In her absence, which is an ache, friends and family have already begun thinking about how to carry on her legacy. In every interview for this article, people suggested music and art, like the gospel that filled her hospital room when she entered Hartford Hospital, and stayed there for  over a month. Several suggested a scholarship in her name, to support young artists of color who are just starting their careers. 

Jade, meanwhile, suggested that it’s even more simple—to do for others the kindnesses, large and small alike, that her mom did for New Haven every day. She recalled a healing drum ceremony that took place two years ago, when Staton knew that she was moving up on a transplant list. Several of her longtime friends, including drummers Michael Mills and Brian Jawara Gray, gathered at Bregamos Community Theater in her honor. 

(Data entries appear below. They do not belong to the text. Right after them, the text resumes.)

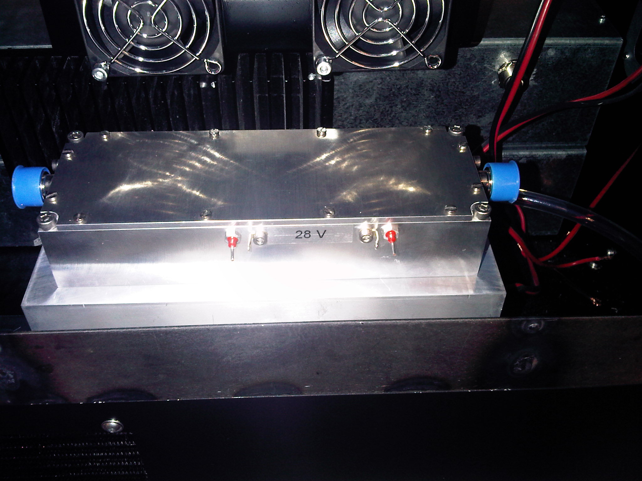 Onderin de kast is de water koeling aangebracht voor de eindtrap 13cm.
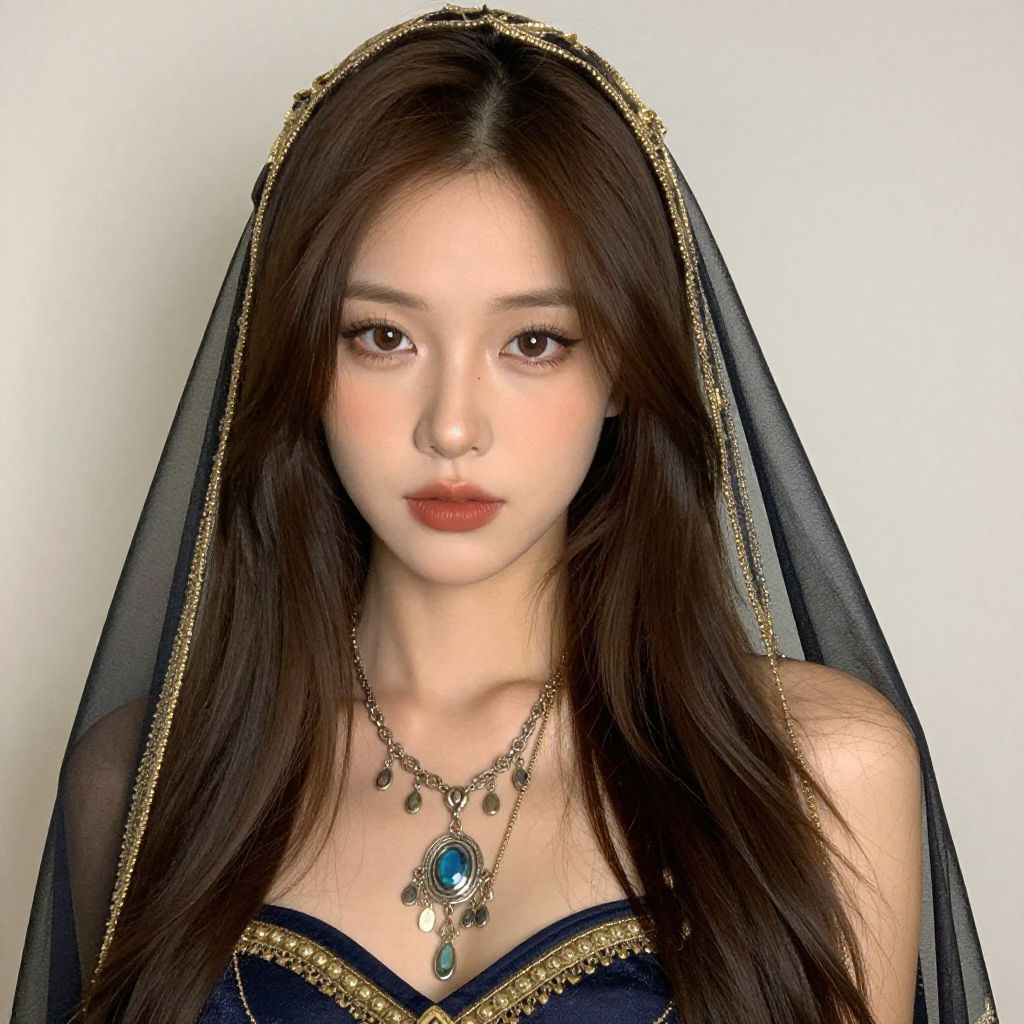 Arabian nights costume girl, 1girl, solo, jewelry, necklace, black hair, long hair, realistic, looking at viewer, headdress, upper body, blurry background, blurry
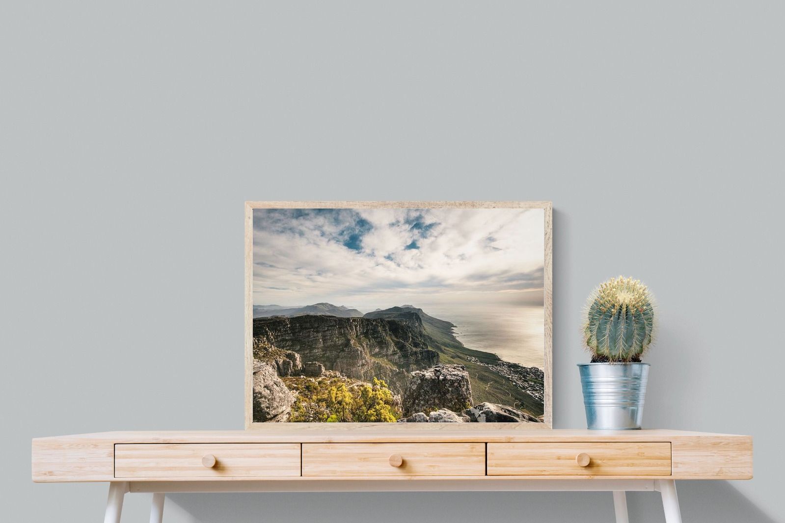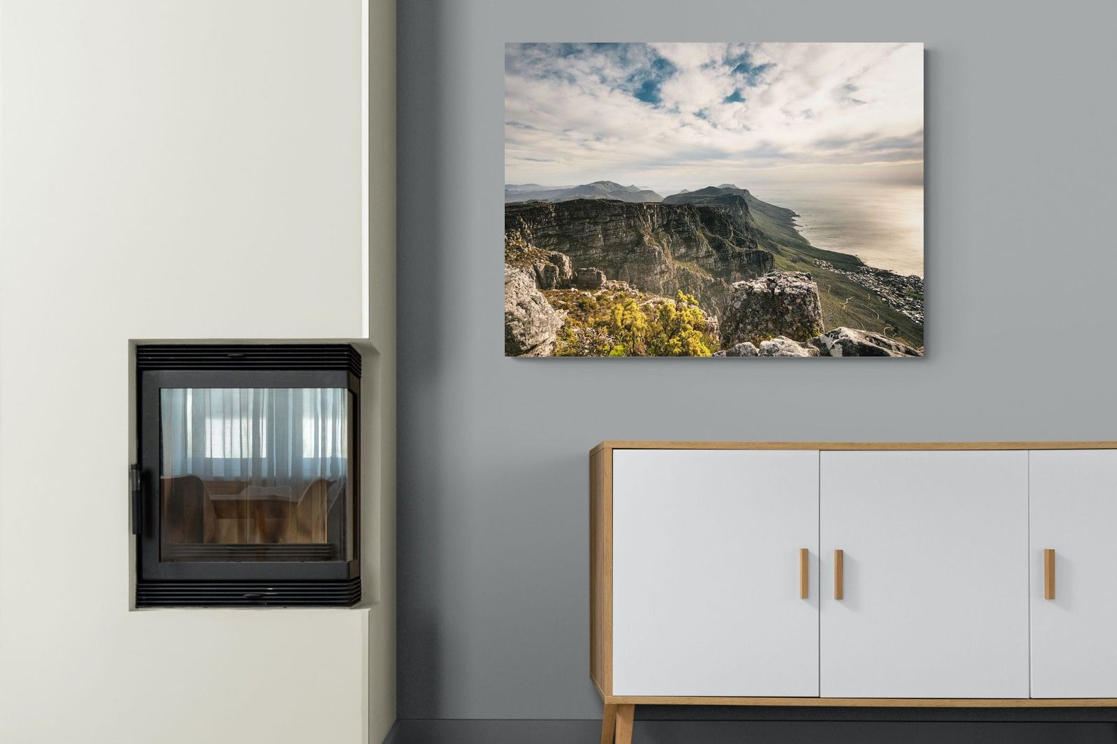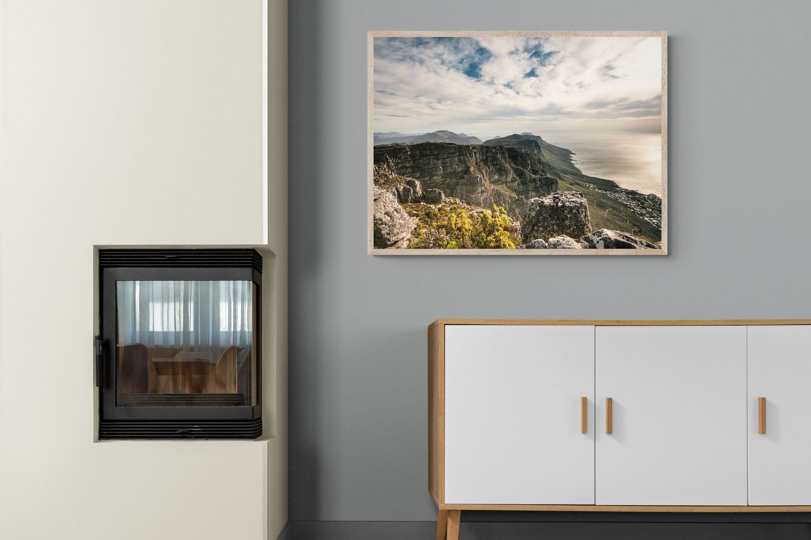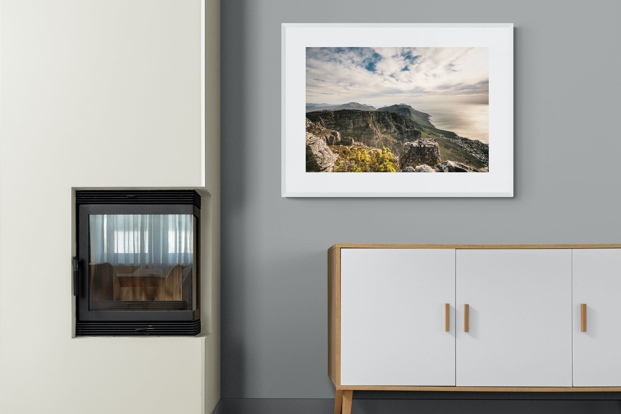 Showcasing the iconic cliffs of Cape Town’s Twelve Apostles, this sweeping aerial landscape is a tribute to South Africa’s rugged coast. Bathed in natural light with rolling hills and ocean below, it brings a sense of vastness and freedom. Ideal for living rooms or offices, this print inspires adventure and appreciation for dramatic scenery. A perfect choice for nature lovers or Cape Town enthusiasts.
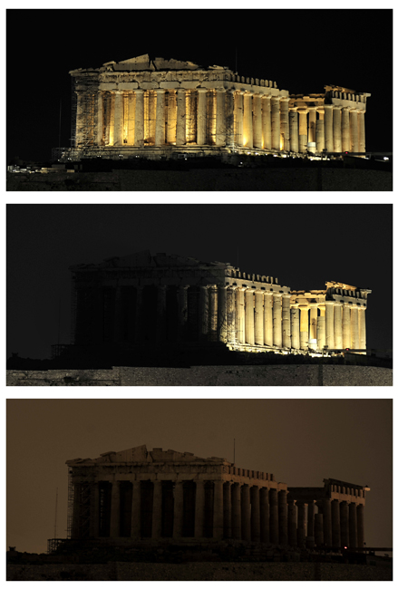 由世界自然基金會(huì)發(fā)起的“地球一小時(shí)”環(huán)保活動(dòng)27日20點(diǎn)30分按照時(shí)區(qū)依次在全球數(shù)千個(gè)城市展開。圖為希臘帕特農(nóng)神廟在熄燈前和熄燈后的景色。

“She wanted to get together with friends because she didn’t know when she would see them next,” Jade said. “She didn’t know what was gonna happen.”

What happened, in that moment, was that dozens of friends, artists from across Staton’s life, showed up to celebrate and root for her. At one point, Mills began to drum while walking, stopping only when he had reached Staton. As he drummed in the rhythm of a heartbeat, he extended one hand to her chest, and rested it there, willing her health to return with no words at all. 

Jade can still remember the rush of emotion that came over her: everyone in that room knew that her mom needed a new heart to survive. Few had any idea how hard she’d been fighting while waiting for it.

“It was moving, and really special and scary, but it was a moment that I will never forget,” she said. “It highlighted the fact that people were there, and they were supporting her, and they cared about her wellbeing, and they loved her.”

“My mom wanted us to pay that forward,” she continued. Instead of a health journey, “she called it a healing journey. Even though it didn’t end the way we had hoped, she tried and she fought really hard.”